Así que, en concreto, primero escribo para mi propia tranquilidad y superación personal. Guardar los artículos que leo, traducirlos, tenerlos listos para alguien que los necesite o quiera recibir. Redactar artículos que quiero escribir, compartirlos y conversarlos con quien quiera a bien debatir. No soy escritor ni mucho menos pero el que lee y lee, se vuelve lo mejor de los autores de sus libros. Y esa es una de las pocas cosas, o quizás única, que me enorgullezco soberanamente: leo hasta las características químicas del ‘limpia-water’ si es que no hay celular u otra cosa que leer. Así me esté muriendo, si tengo el tiempo para morirme, tengo que leer un cupo diario de páginas. Como en todo, hay alicaídas y días imposibles, pero las ganas de leer, y el trasfondo de ello: el aprender cada día algo nuevo; siempre está ahí.

Segundo y último, escribo, obviamente, para el que quiera leer. No soy quien para traducir ni redactar nada digno de un reconocimiento (aunque quien sabe si es que me llego a inspirar), pero de hecho, las últimas cosas que he estado redactando han sido sólo traducciones de artículos, por demás interesantes, que pienso más gente debería tener acceso (si es que el idioma es la barrera, y no el ocio, claro está). Últimamente, me encuentro enfrascado en las madrugadas, traduciendo artículos en inglés que, pienso, le servirían mucho a tanta gente que no le interesa aprender inglés, o, como quiero creer, que están enfocados trabajando hasta poder aprenderlo. Quizás muchos lo sepan pero lo prefieran así, ya traducidos, para asimilar lo bueno que puedan brindar. Al final, dichos artículos llegan a veces a algunos miembros de mi familia y, a veces de esas veces, a algunos amigos. A nadie más en un Perú tan necesitado de ciertas perspectivas. Los siento tan importantes que, en mi deseo de que más gente los lea, este blog también me servirá a manera de test si es que alguien les da la debida atención. Y si no, pues bueno, seguiré haciéndolo porque lo creo correcto y, en esta etapa de mi vida, me sirve de diario, relajo, desfogue, hub de conocimiento, guardado de artículos, momentos de inspiración, etc. Razones suficientes para emprender esto. Así que espero que esta nueva avent… Bueno, Marco, ya escribiste demasiado como para que nadie te lea. Pero, ¿y qué importa? No, igual. Vete. Te estás aguantando ir al baño hace 1 hora y sigues ahí sentado.

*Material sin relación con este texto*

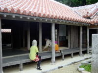 | アグネスチャン(?)の浜でくつろぐ。夜はタマンがヒット!ついでに朝は6キロクラスのガーラと巨大カマスを釣り上げ、このカマスの胃袋には5センチ弱の釣針があり、外に飛び出していたそうです。いたそー! | ゲルマ島の高良(タカラ)さん家にお邪魔しました。ここは座間味村の重要文化財の家で素晴らしい家でした。高良さん(104歳)は那覇で生きているそうです。 |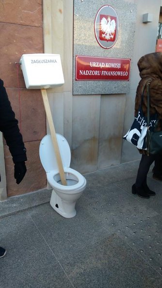 Zgromadzeni nie kryli swojego oburzenia postawą Komisji, ale także i pośredników, którzy sprzedawali im obligacje GetBacku. Praktycznie cały czas przewijało się wśród tłumu hasło „złodzieje". Na jednej z przygotowanych tablic widniał nawet napis „Rząd ze złodziejami, a nie z ofiarami"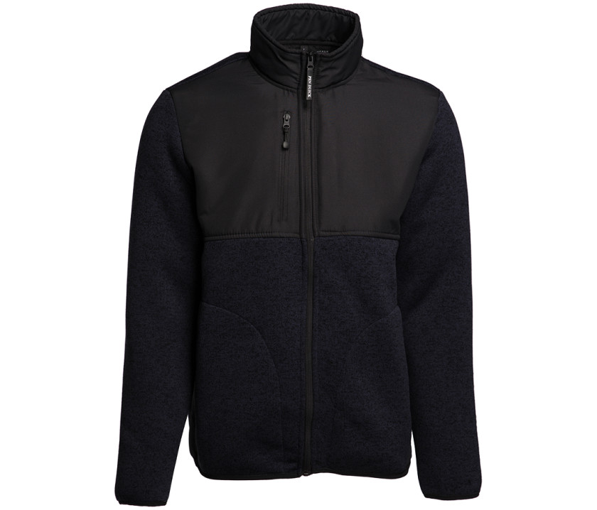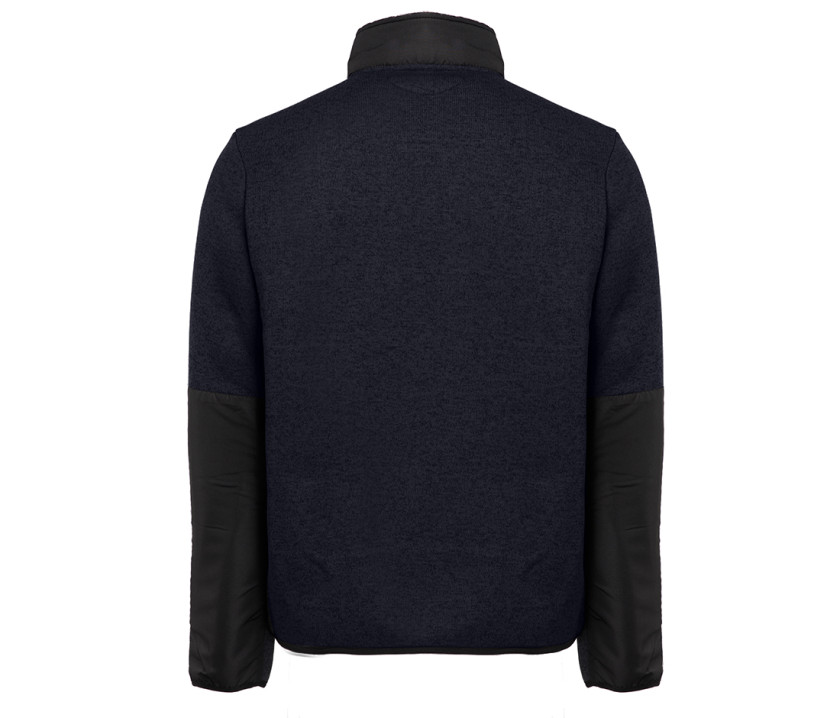 Polaire tricotée épaisse doublée sherpa. Poche poitrine zippée. 2 poches zippées latérales. Empiècements poitrine et côtés, renforts aux coudes, en polyester 300D.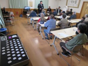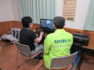 魚津警察署地域交通課長の講話の後、「視野診断計」「動体認知測定装置」「ドライブチェッカー」「点灯くん」の4機器を使用して体験学習を受講しました。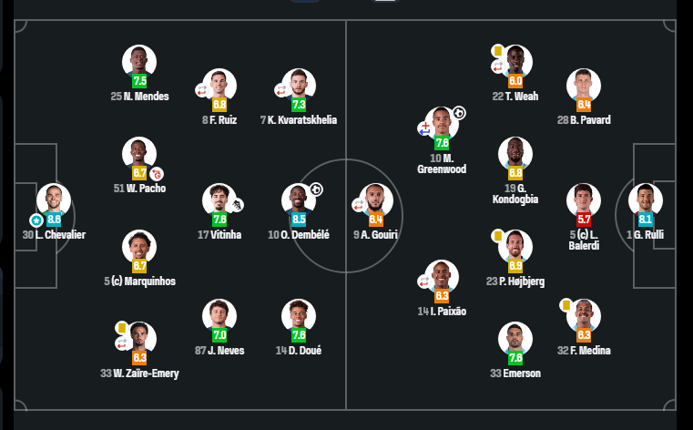 აღსანიშნავია, რომ ხვიჩა კვარაცხელიამ მოედანზე 72 წუთი გაატარა და 7.4 შეფასება დაიმსახურა.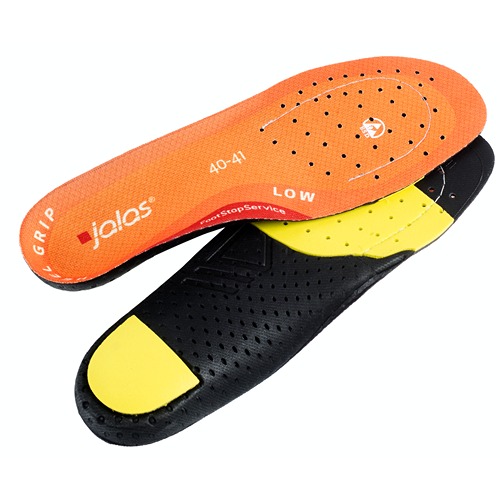 This is Black Orange Insole manufactured by Jalas. The manufacturer part number is 8711L-40-41. It is arch supported yes . It has a decent black, orange colour. The product is made from highly stable and reliable eva, polyester based electro conductive thread, poron xrd, textile. Its material offers a/an anti-static properties .

Al final, al redactar fuiste encontrando los motivos que pudieran convencerte de lo provechoso que será este blog. Bien hecho pero, de introducción, poco; de lo mucho, introspección.

Pues bueno, dejé en claro que no quería hacer una introducción, porque ella obliga a un cierre, a un final. Y yo, como tú, sí, tú, no nos terminamos nunca: tan sólo por dejar estas líneas, muchos años en el futuro, incluso ahí, ya etéreos, ya vientos, seremos eternos.